Actually that (eta reduction, IIRC) is a dangerous practice in impure
languages like OCaml because it changes when the expressions are evaluated.
In this case, eta reducing by removing the "x" arguments from both sides of
the definition causes the function to partially evaluate sooner, yielding a
closure that encapsulates "n" nested function applications.

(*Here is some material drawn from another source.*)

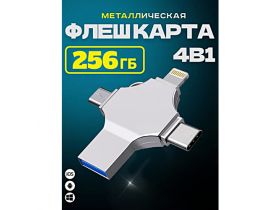 Внешний накопитель 4 в 1 USB флешка Lightning, MicroUSB, Type-C, USB, FLASH накопитель для iOS, Android, Windows, 256gb, Серебристый 103655530720
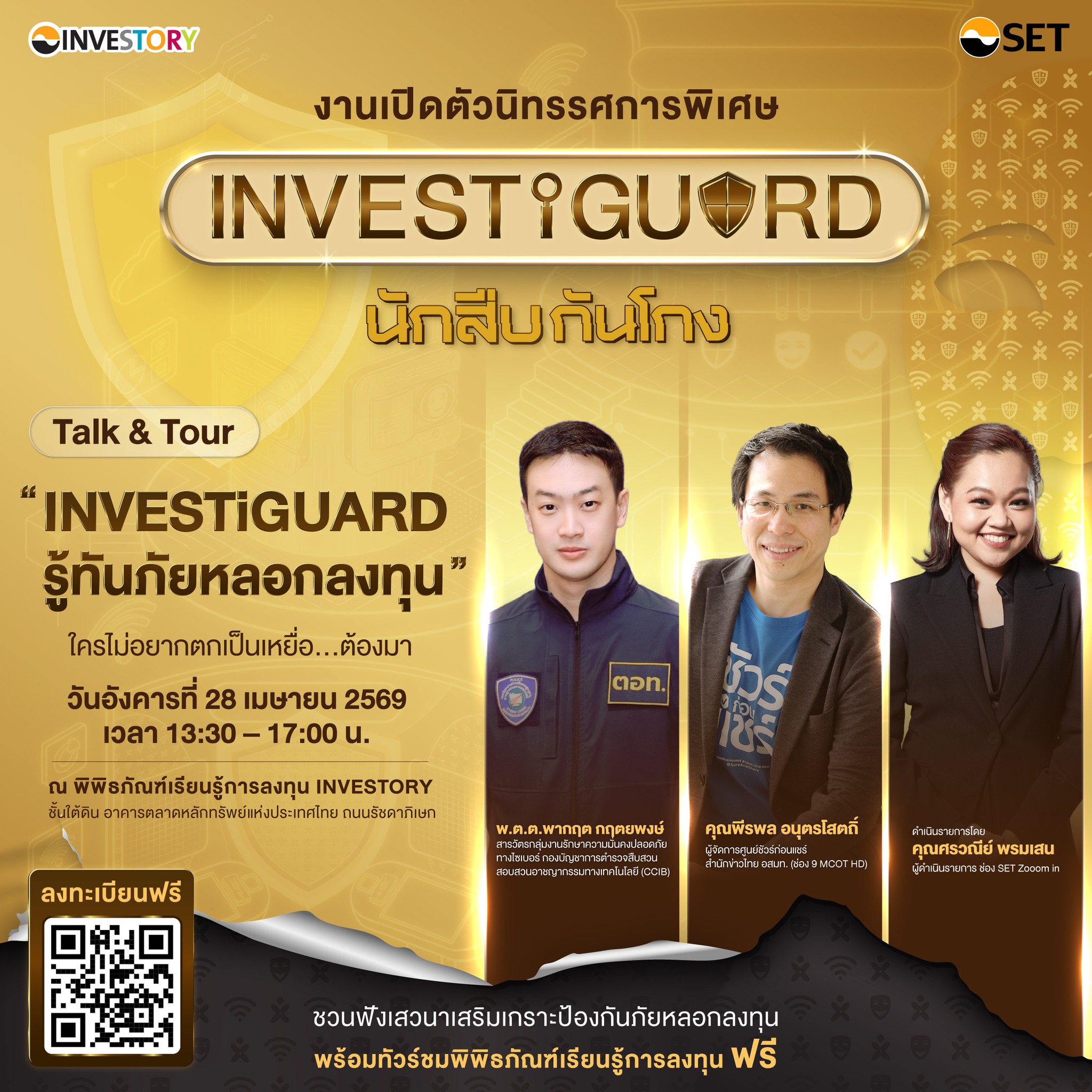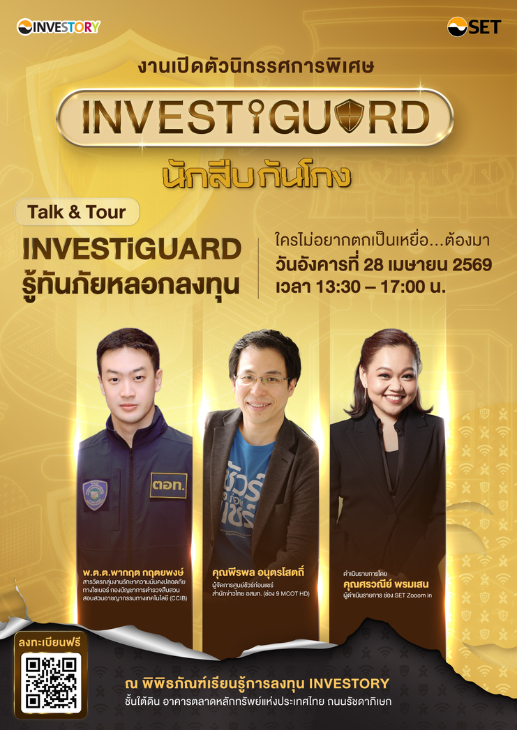 พิพิธภัณฑ์เรียนรู้การลงทุน INVESTORY ตลาดหลักทรัพย์แห่งประเทศไทย เชิญชวนผู้สนใจมาสัมผัสประสบการณ์เรียนรู้กับนิทรรศการพิเศษชุดใหม่ “INVESTiGUARD นักสืบกันโกง” เรียนรู้ด้วยตนเองและฝึกทักษะสังเกตกลโกงผ่านเกมที่จะช่วยสร้างเกราะป้องกันให้รู้เท่าทันมิจฉาชีพ พร้อมร่วมฟังเสวนาหัวข้อ "INVESTiGUARD รู้ทันภัยหลอกลงทุน" เจาะลึกภัยไซเบอร์ที่ต้องระวังในปัจจุบัน พบกับวิทยากรผู้เชี่ยวชาญ นำโดย พันตำรวจตรี พากฤต กฤตยพงษ์ สารวัตรกลุ่มงานรักษาความมั่นคงปลอดภัยทางไซเบอร์ กองบัญชาการตำรวจสืบสวนสอบสวนอาชญากรรมทางเทคโนโลยี (CCIB) และคุณพีรพล อนุตรโสตถิ์ ผู้จัดการศูนย์ชัวร์ก่อนแชร์ สำนักข่าวไทย อสมท. ดำเนินรายการโดย คุณศรวณีย์ พรมเสน ผู้ดำเนินรายการช่อง SET Zooom in

If you remove
all arguments that were otherwise deferring the evaluation then you can even
change the type of the expression from polymorphic to monomorphic, where the
non-generalized type variable (e.g. '_a) will be ossified at first use or
even resulting in a type error if it tries to escape a compilation unit.
There is also the danger of altering the meaning of the program.

Consider this:

let rec eval state = function
| Int n -> n
| Add(f, g) -> eval state f + eval state g

You might factor out the common "eval state"; subexpression:

let rec eval state expr =
let eval = eval state in
match expr with
| Int n -> n
| Add(f, g) -> eval f + eval g

Then you might be tempted to revert back to using "function" to avoid the
superfluous "expr" argument that was not needed before:

let rec eval state =
let eval = eval state in
function
| Int n -> n
| Add(f, g) -> eval f + eval g

But you have now created an infinite loop with "eval state"; recursing
indefinitely!

Specifying all arguments in a definition is generally safer and more
efficient in OCaml.

Cheers,
Jon.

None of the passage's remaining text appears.